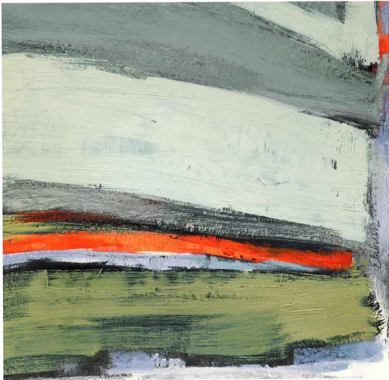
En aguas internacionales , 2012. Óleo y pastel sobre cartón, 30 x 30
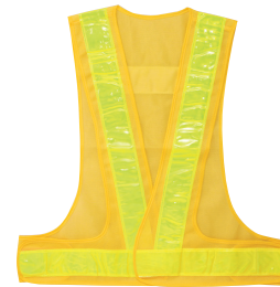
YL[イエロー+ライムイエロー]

··········

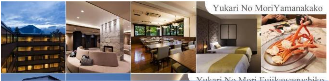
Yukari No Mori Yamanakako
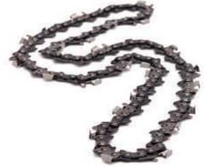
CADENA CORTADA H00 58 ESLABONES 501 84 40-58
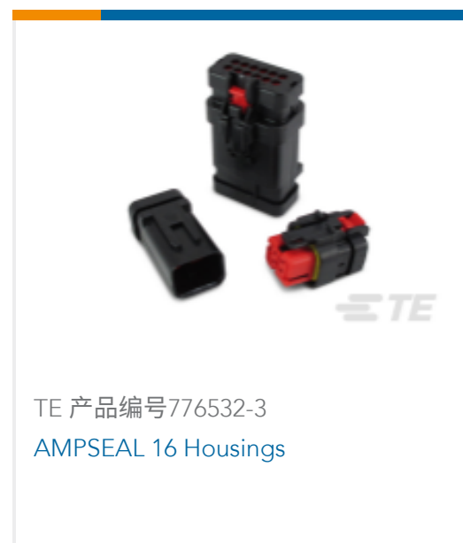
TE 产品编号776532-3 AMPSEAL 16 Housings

··········

• Required work:
Word for word, restate the lines above from the one with "CADENA CORTADA H00 58 ESLABONES 501 84 40-58" through the one with "TE 产品编号776532-3 AMPSEAL 16 Housings", keeping both ends and dropping the pictures.

• Solution:
CADENA CORTADA H00 58 ESLABONES 501 84 40-58
TE 产品编号776532-3 AMPSEAL 16 Housings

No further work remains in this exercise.